8 out of 10 tw*ts

Last night, I did what thousands of other exiting 22-year-olds do - I sat on the sofa feeling jovial, full of food and too confused as to which present I should play with. I decided to watch the 8 out of 10 Cats Christmas special, yet I'm sad to say that it left me feeling even more confused and slightly more nauseated. This program is really starting to annoy me. 
Only last year, I referred to the show several times in my dissertation, which was based on political satire. I know, hard to believe, but just a mere year ago the program was referred to as a 'satirical' quiz show. Tell me, what is satirical about drinking whisky and taking the piss out of a shiny, bright green Jedward?
The show has this year has been humouring guests such as Stacey Solomon, a couple of prats from the Only Way is Essex and the aforementioned Irish half-wits (at least there's two of them, so the maths works out there).
After studying political satire for the best part of a year - I know that it goes a lot deeper than the simple argument of satirical television shows dumbing down by having on guests that appeal to a wider audience. But what annoys me is the pretence that 8 out of 10 Cats isn't stooping as low as the initial shows that the shit-for-brains guests came from in the first place. 
The inane decision to have annoying celebrities for the other guests to mock, instead of filling the time with jokes and satire, is incomprehensible. On the Christmas special of 8 out of 10 Cats, the first few minutes of Jedward-bashing was just about corner-of-the-lip-raisingly amusing. After 15 minutes of them interrupting with childish, attention-seeking remarks just made my blood boil. If I wanted to feel that annoyed I would have  gone to the library and gotten out a book with pages full of folded corners. 
Political satire is inherently clever- how can 8 out of 10 Cats prick the pomposity of politicians when half the guests don't even know where they are?
There's no doubt that serious television is giving way to 'infotainment', but there's a difference between easy jokes of a fat John Prescott or a posh Cameron and filling a panel with oxygen-stealing guests. The comedy seems to now be wholly derived from laughing at these guests - why does that require three of the best comedians in Britain? Take away Jimmy Carr, Sean Lock and Jon Richardson and throw in a few more Brian Dowlings and you have yourself the political satire of the future.  

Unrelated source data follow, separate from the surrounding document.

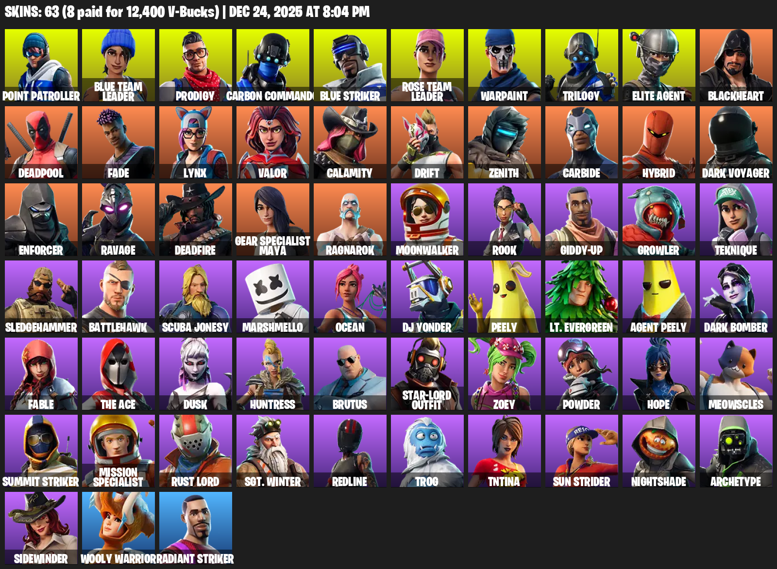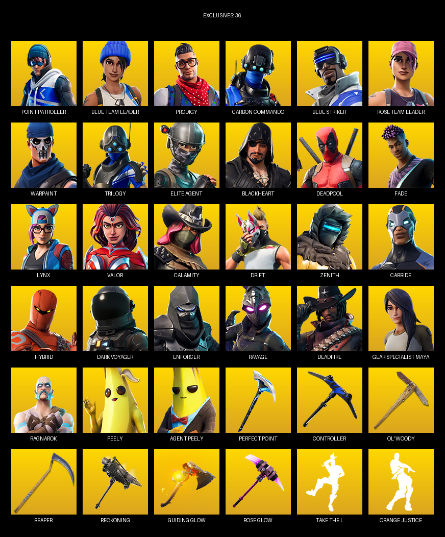 Point Patroller, Elite Agent, Gear Specialist Maya, Blue Team Leader, Prodigy, Carbon Commando, Warpaint, Trilogy, Blackheart, Deadpool, Fade, Lynx, Valor, Calamity, Drift, Zenith, Carbide, Hybrid
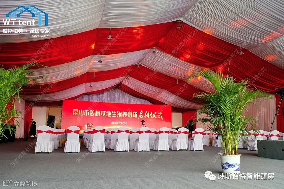 产品主要有:尖顶、人字顶、球形、弧形、拱形、桃型及各类异形篷房。我们的活动篷房、仓储篷房、婚庆篷房、展会篷房被广泛应用于家庭聚会、商务会议、展会展览、大型庆典、仓储物流、救灾检查等场景中。篷房中间无任何支柱,场地100%使用。
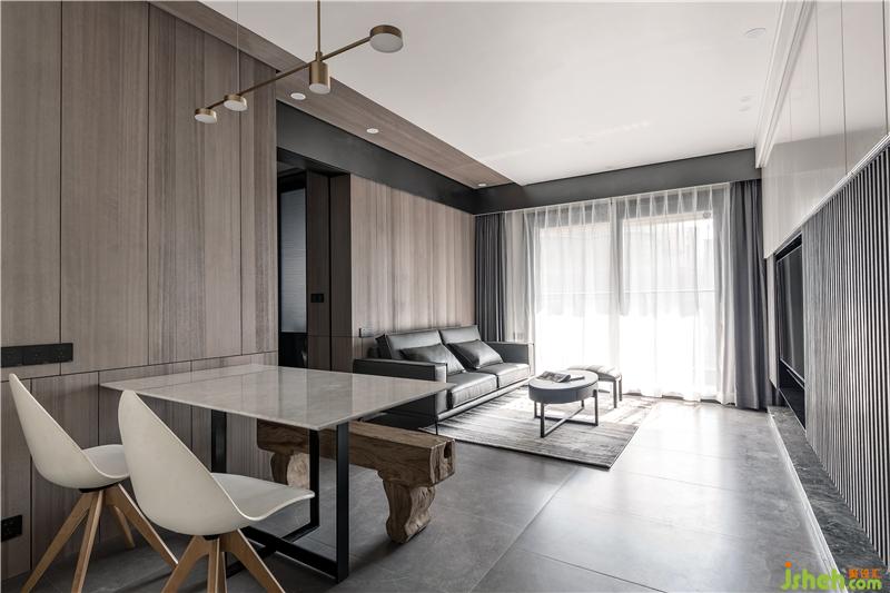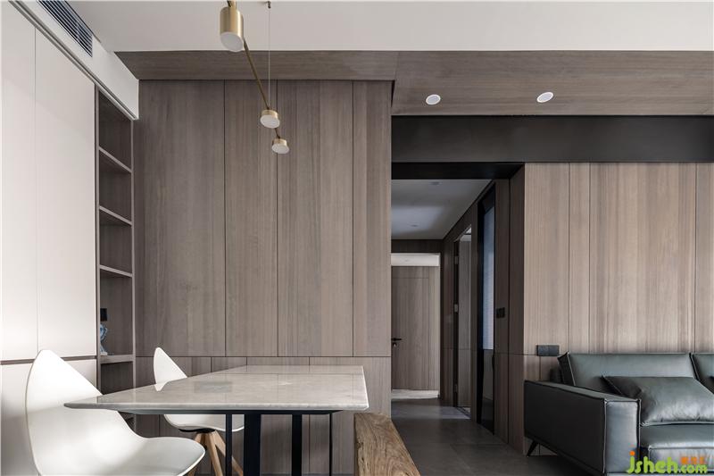 材質(zhì):木飾面、超薄筒燈、大理石餐桌、烤漆門
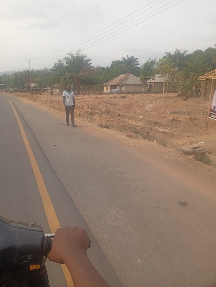 The scene is a paved road with a yellow dividing line. A person is driving a motorcycle on the road. The person's right hand is visible on the handlebars. The road is empty except for a man in a white shirt and blue jeans standing on the right side of the road. There are a few houses and palm trees on the right side of the road. The sky is overcast with clouds. The location of the image is Vana, Nigeria, at latitude 8.837 and longitude 8.452.
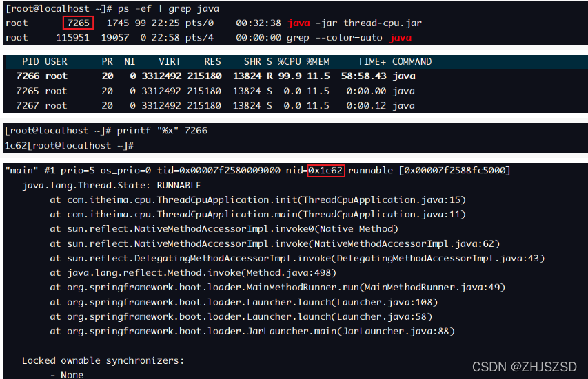 4、通过jstack -l pid查询进行中的线程nid(native thread id)

  1. Yes, I entirely agree with you. I think the problem with political satire - well satire of any kind probably, is that you need to be a little bit .... how can I put it graciously.... clever .... to appreciate it.
    We're all used to lazy entertainment these days, but to 'get' satire you have to think and there's the rub.
    Satire isn't comedy. It's making fun of serious things (or it should be) in order to highlight their seriousness.
    I once a did a satirical piece about sick and disabled people being made to take tests to see if they could work. It was a popular post. But a few people took offence. How can you joke about sick and disabled people, they said me? The interesting thing was that disability activists retweeted the link, reposted it and shared it. They 'got' that I wasn't joking about it - but was trying to highlight a problem which I was in fact deadly serious about.
    A good example of cutting satire which is very often misunderstood is this one:
    It's shocking, uncompromising, and for those who 'get' it it's priceless. But look at the comments and you'll see just how many people don't get it. I love it.
    An excellent post BTW.

  2. Thank you! I completely agree, in terms of television I think satire is definitely on it's way out. That website is the perfect example of how TV execs would be scared of people reacting to anything satirical!

  3. It probably is on its way out - at the moment. But just as reading was said to be on the way out for kids until Harry Potter came along - maybe all it needs is some new good stuff to make it popular again?